THE PROBLEM:
Pictures aside, reproduce exactly and only the lines below, starting at the one containing "This storage decor" and ending at the last line.

=== DATA BLOCK ===

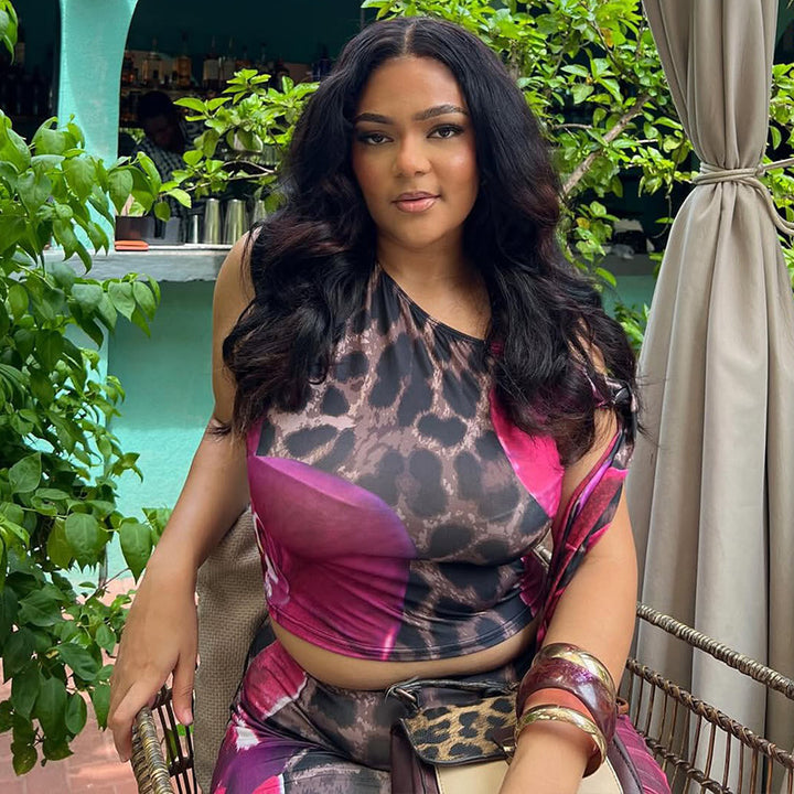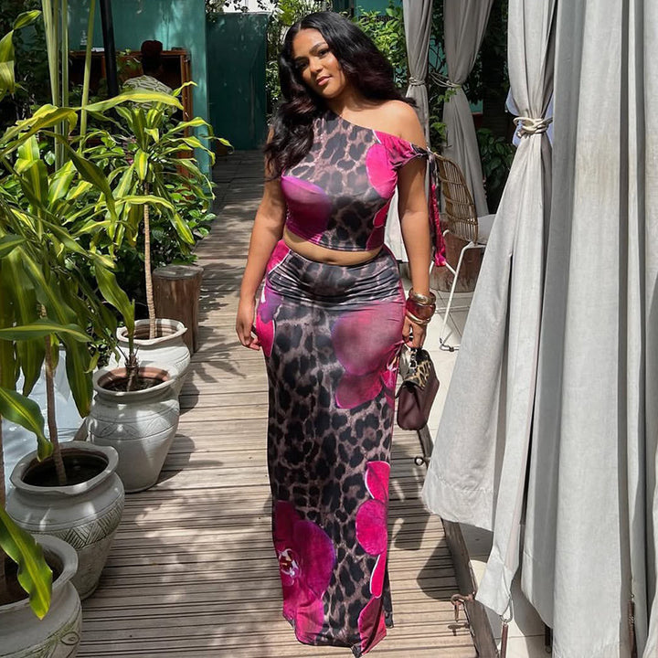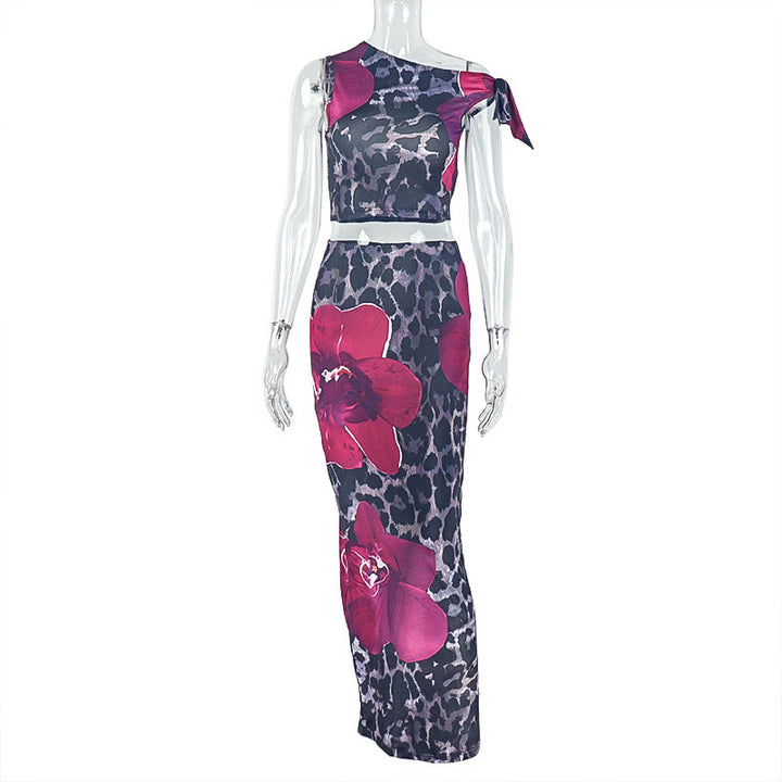 European and American style hip wrap temperament pleated printed slim skirt set single shoulder two-piece set splicing leopard print women's cloth...
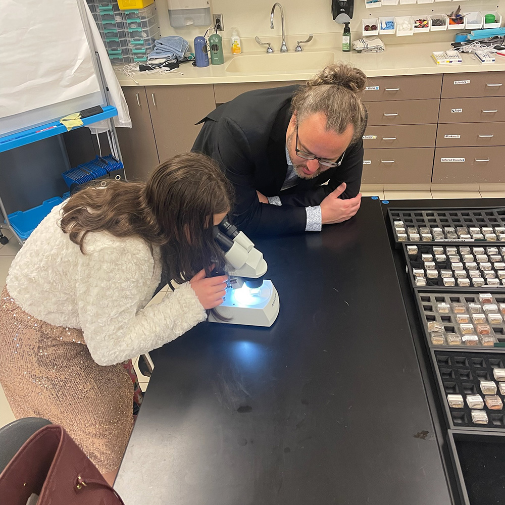 Thomas is a positive influence on his nieces by forcing them to get interested in microscopy and
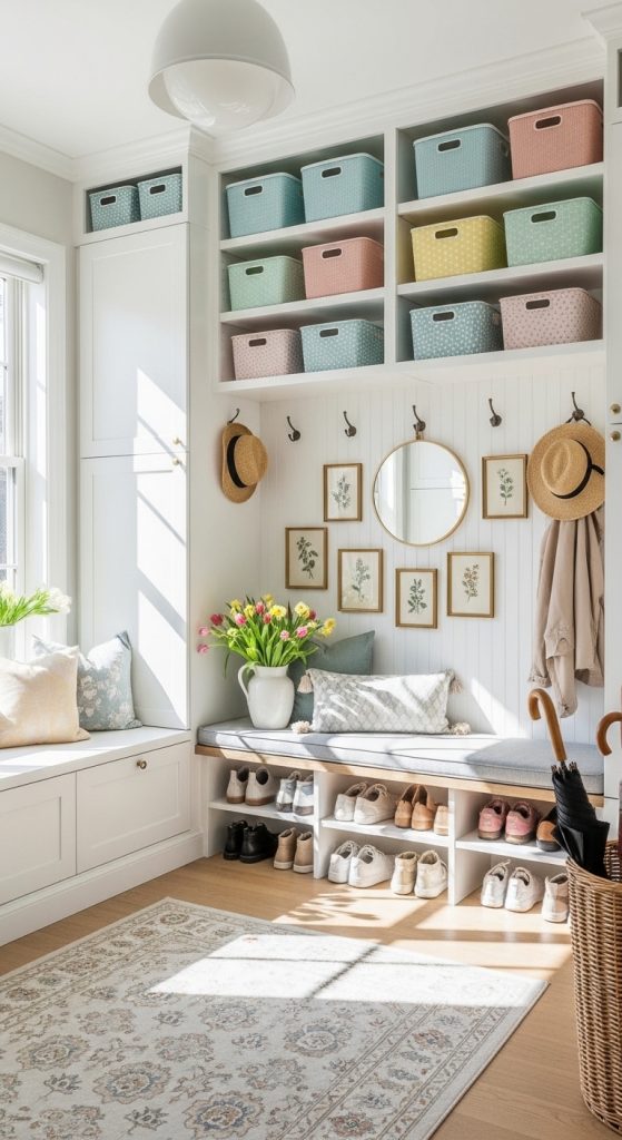 This storage decor idea is especially effective in narrow mudrooms or small entryways where floor space is limited.
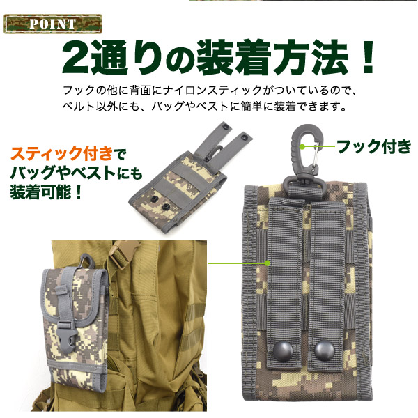 ベルトポーチ ミリタリーポーチ スマホポーチ フック スティック付き 2通りの装着方法 迷彩柄 ガジェットポーチ ギフト 贈り物 プレゼント サバゲー サバイバルゲーム シザーケース ウエストバッグ ミリタリーデザイン ミリタリ系 小物入れ アウトドア キャンプ 旅行

===

TASK RESPONSE:
 This storage decor idea is especially effective in narrow mudrooms or small entryways where floor space is limited.
 ベルトポーチ ミリタリーポーチ スマホポーチ フック スティック付き 2通りの装着方法 迷彩柄 ガジェットポーチ ギフト 贈り物 プレゼント サバゲー サバイバルゲーム シザーケース ウエストバッグ ミリタリーデザイン ミリタリ系 小物入れ アウトドア キャンプ 旅行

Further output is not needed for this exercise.